Emergency responders gear up for hurricane season in Hawaii

BELLOWS AIR FORCE STATION (HawaiiNewsNow) - Experts predict fewer storms than usual in the Central Pacific during this year's hurricane season. That is good news for Hawaii, but emergency response teams are still preparing for a potential disaster.

State Civil Defense and the Hawaii National Guard are leading the week-long Makani Pahili hurricane season exercise. More than 150 National Guardsmen from Hawaii, California, and Nevada are participating. They're working with different agencies like the Honolulu Fire Department, Honolulu Police Department and Federal Fire Department.

In Tuesday's scenario at Bellows Air Force Station, a powerful Category 4 hurricane ripped the roof of a two-story building. The structure collapsed and three people were missing.

"We found out that one was alive and calling for help and the other two were possibly unconscious. We also had a propane leak," explained Captain Walter Faulconer of the Honolulu Fire Department.

Firefighters managed to pull two victims out of the rubble and carry them to safety, but reaching the last one was tricky.

"The wall of the facility was found to be unstable and unsafe to make an entry where we believe there's a trapped person so they're putting up wood braces to stabilize the structure so we can go inside and conduct rescue operations," said Captain Aaron Blanchard of the Hawaii National Guard.

The goal of the exercise is to build relationships and practice communication skills.

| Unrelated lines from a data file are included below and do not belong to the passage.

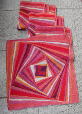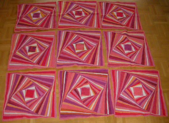 Langsam, aber stetig geht es weiter - Nr. 4 ist fertig. Dier Anordnung lasse ich bis zum Schluss offen, deshalb wird auch noch nichts aneinander gestrickt. | |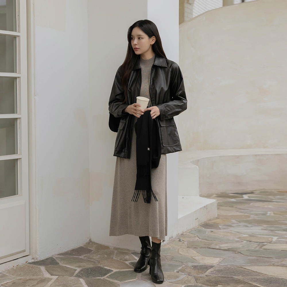 ハーフネック ナチュラル 適合 ウール ニット ロング ワンピース(+ベルト)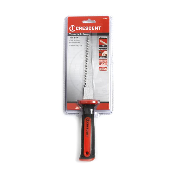 Crescent’s jab saw has a sharpened tip offering a knife-like edge for easier material penetration. Coarse triple tooth design makes for quick and efficient cutting. The handle features an overmolded design for greater user comfort and improved cut control.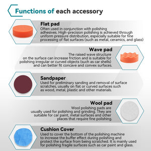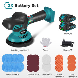 Kit Portátil Todo en Uno: Lleva tu pulido a cualquier lugar con este conveniente set de pulidor de coche inalámbrico. Viene completo con la máquina, 2 baterías recargables, 1 cargador y una gama completa de accesorios, incluyendo 3 pads de espuma de onda, 3 pads de espuma plana, 6 papeles de lija, 8 cubiertas de pulido, 2 pads de lana y 1 par de guantes—todo lo que necesitas para pulir, abrillantar y terminar sobre la marcha.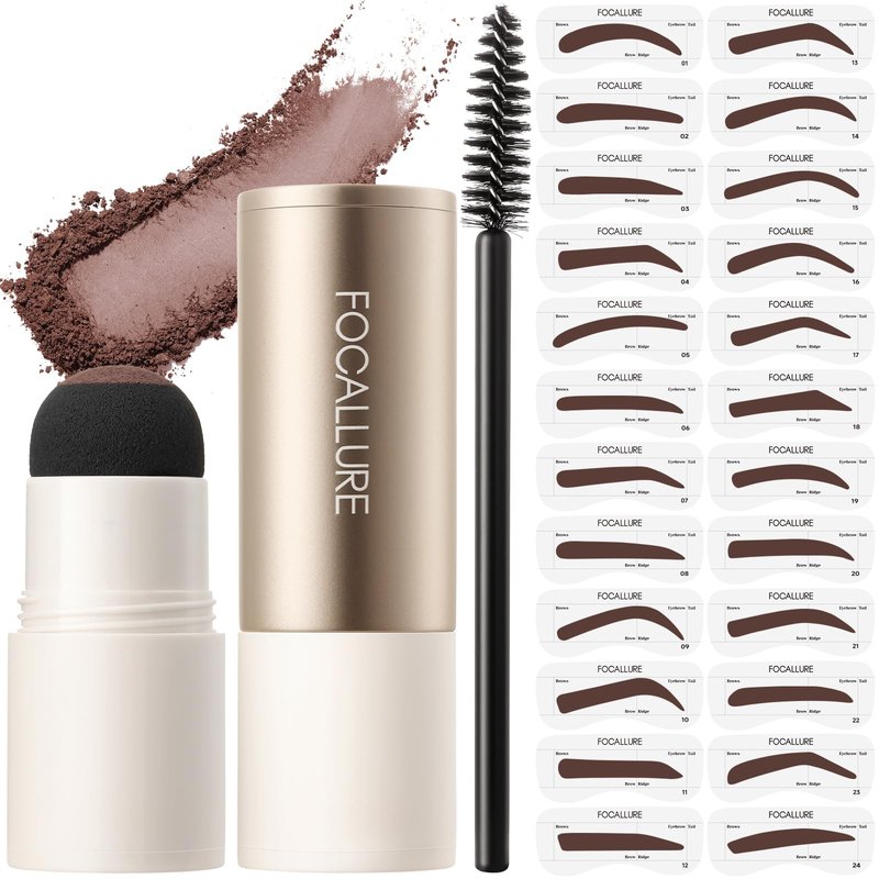 FOCALLURE Eyebrow Stamp and Eyebrow Stencil Kit, 24 Reusable Brow Shape, Sweatproof Eyebrow Powder, Long-Lasting, Easy to Use, Filling and Shaping Perfect Eyebrow Makeup, MEDIUM BROWN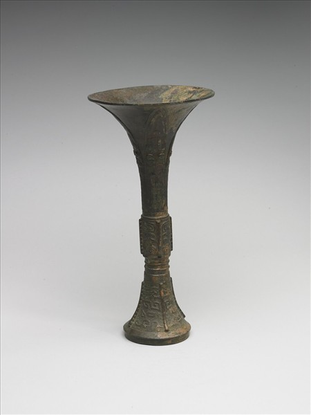 觚,侈口,直筒腹,圈足,腹、足皆有棱脊。脰飾獸面紋、雲雷紋為地,腹及足皆飾獸面紋、雲雷紋為地,腹與足交接處飾弦紋。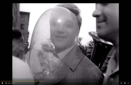 В следующей сцене Сергей идёт среди огромной праздничной толпы. Повсюду флаги, плакаты, лозунги. Город погружён в организованное веселье. В массе людей Сергей замечает ту самую девушку из автобуса — Аню. Он успевает сказать несколько слов, но она почти сразу уходит, теряясь в потоке.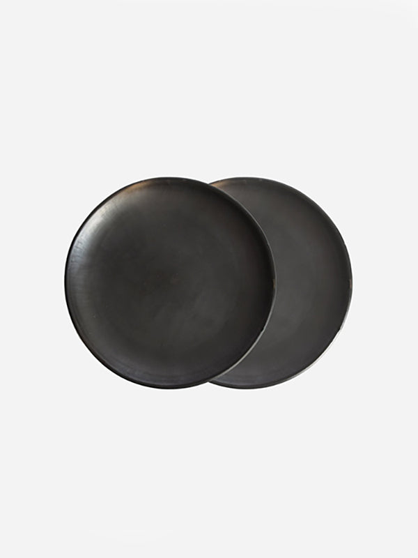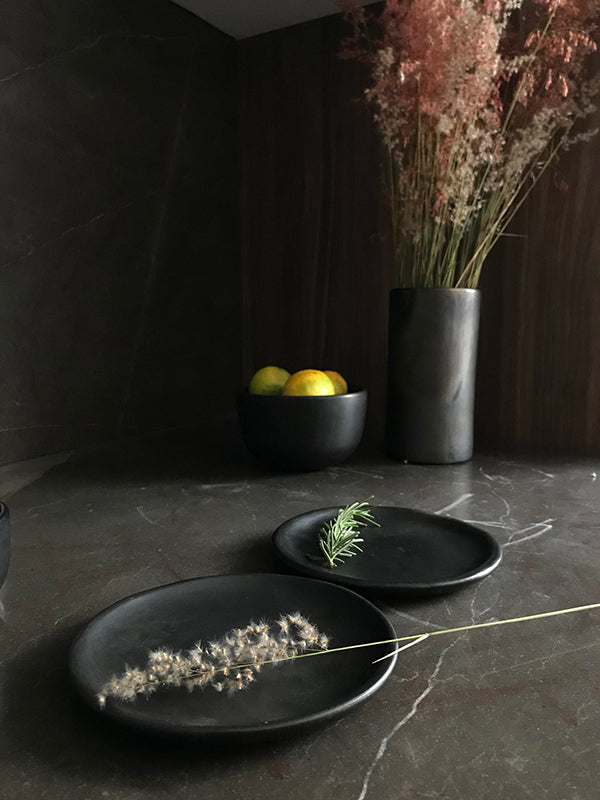 The black clay dinner plates are made using local traditional artisanal technique called barro negro. After soaking clay is filtered for 20 days to filter impurities, the clay is smoked to create the black colour and burnished by polishing the surface with a quartz crystal. This gives the dinner plate its warm glossy finish. To finish, the pieces are wood-fired in underground pits or kilns.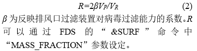 根据FDS提供的功能,“&SURF”命令可以设定排气口的排气量(采用“VOLUME_FLOW”参数,单位m3/s),这个数据可以根据排风口联通的空调系统的设计通风量确定。本次肺炎疫情临时医院每个病房的设计排风量VR大概是600-750 m3/h。一般N个病房共用一个排风口,则可以计算得到排风口的排风量为VR∙N。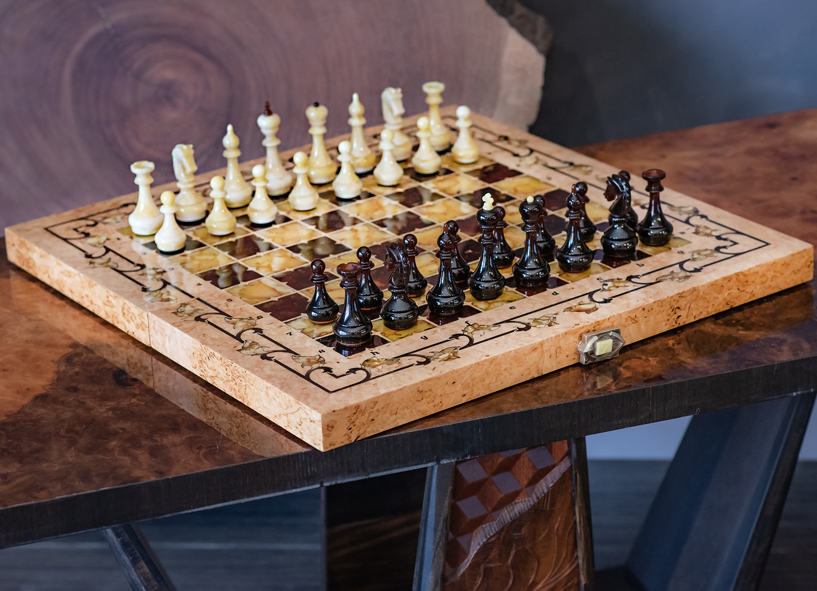 Ручная работа, инкрустация шахматной доски выполнена в технике маркетри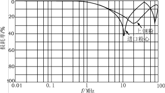 但是值得商榷的是,可選擇作為濾波器的差模電感的磁粉心不僅僅是μe=75鐵粉心一種,圖5是鐵粉心系列μe=75,μe=55,μe=35磁導率隨頻率變化的曲線,可見它們磁導率隨頻率上升而下降的趨勢不同。圖6是MICROMETARS公司-8(μe=35)和上海鋼研精密合金器材研究所SF-33(μe=37.5)鐵粉心材料的插入損耗曲線,可見吸收峰出現(xiàn)在不同的頻率范圍內(nèi),因此除了考慮電感量大小,磁飽和問題,價格等因素外,還應該考慮抑制噪聲的頻率范圍,來選擇不同型號的鐵粉心。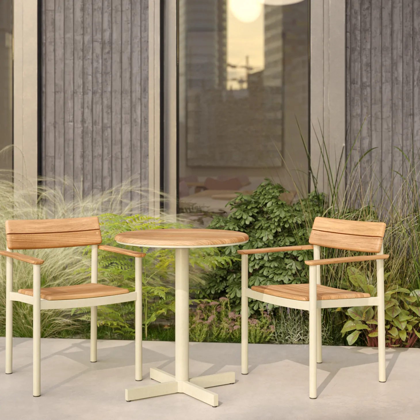 - Materiale: ubehandlet massiv teak og stel i pulverlakeret aluminum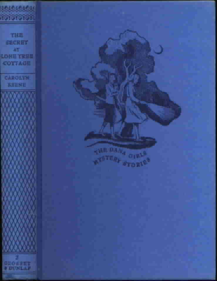 Dana Girls #1-13 printed in 1944 have solid blue covers and either dark green or maroon endpapers. All of the books have a plain frontispiece illustration. The dust jackets have the same design as the 1938 to 1943 jackets. The books are approximately 1 inch thick and have poor quality paper with a wartime conditions notice on the title page.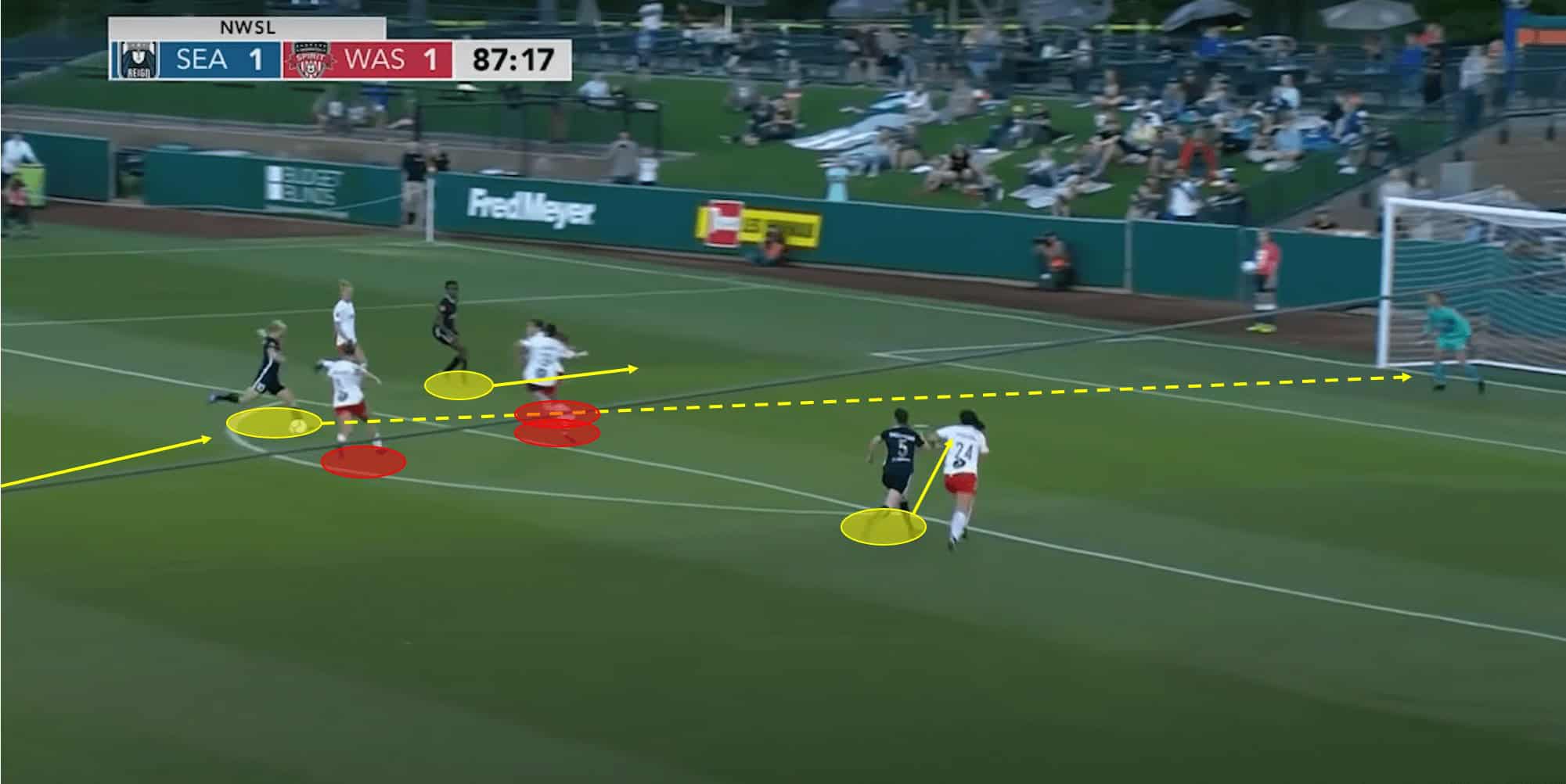 In Reign’s match against the Washington Spirit, we see an example of this late in the match. A Spirit midfielder is attempting to control an aerial ball in the central channel. As the ball is in the air, Fishlock is already in a full sprint, approaching the opponent from behind.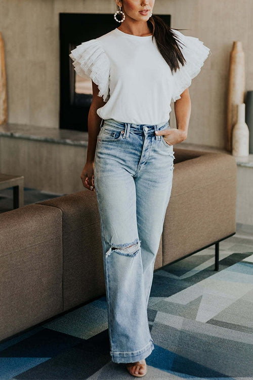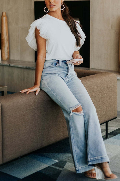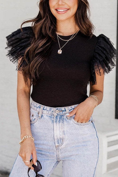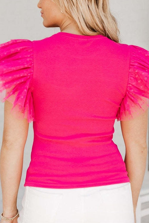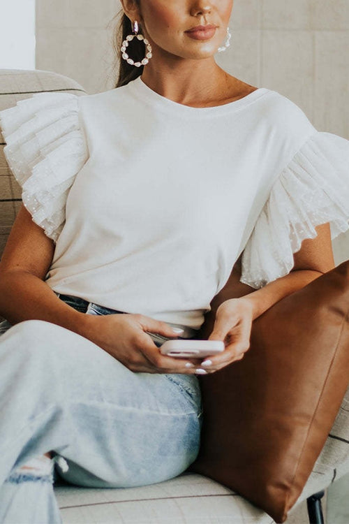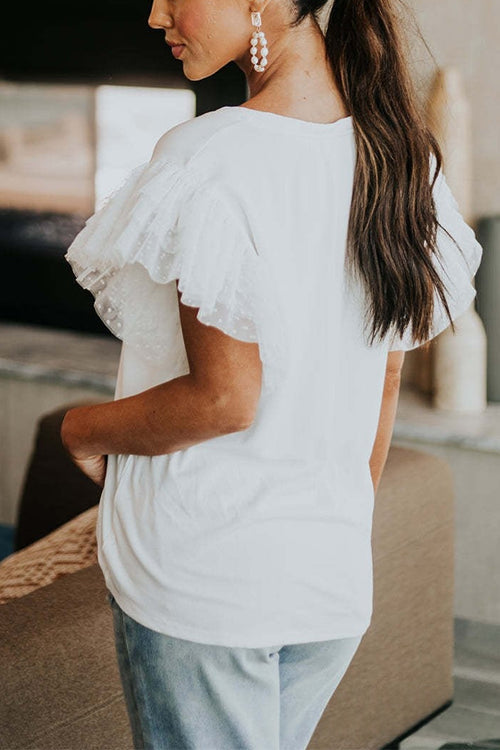 Febedress Round Neck Polka Dot Ruffle Short Sleeves Top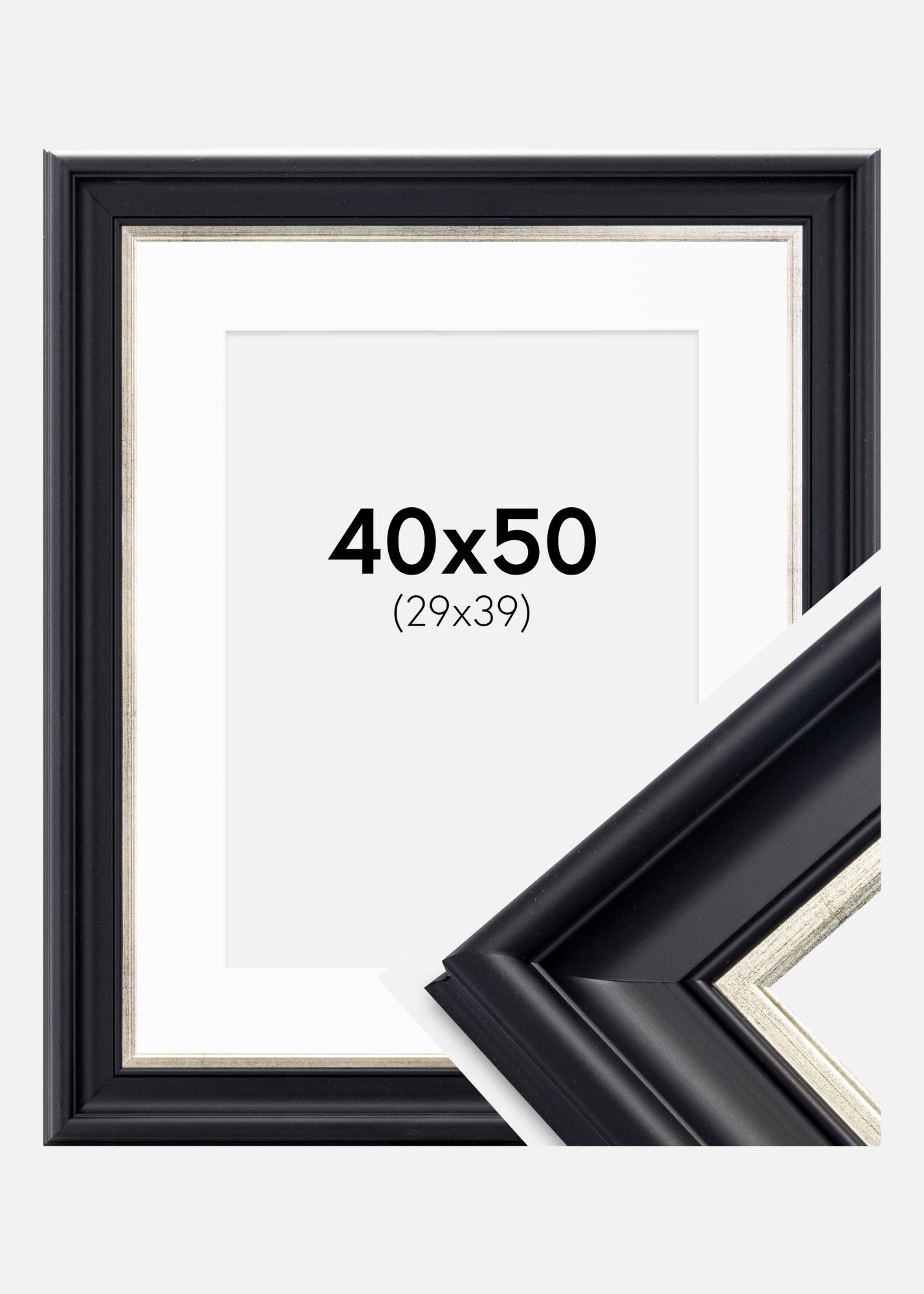 Cadre Dalarna Noir-Argent 40x50 cm - Passe-partout Blanc 30x40 cm

"There's always going to be kinks and there's kinks today, but we're working through them and we're practicing," Faulconer said.

A web cam provided a live feed to the Joint Operation Center in Diamond Head. Rescuers learned important lessons during this annual exercise.

"Making sure you got not only your rescue saw, but you got the blades and the backup blades. Same thing if you show up with hammers but no nails. It's going to be kind of hard last-minute to go scrounge and I'm sure someone inside a collapsed structure isn't going to have much patience," Blanchard said.

Responders hope to learn from their mistakes during the training so that they're ready to spring into action when there is an actual emergency.

"It's not a matter of if we're going to have the next disaster, it's when the disaster is going to be and when it comes, hopefully, we're as prepared as we can be and can go out and go save lives and do good things," said Blanchard.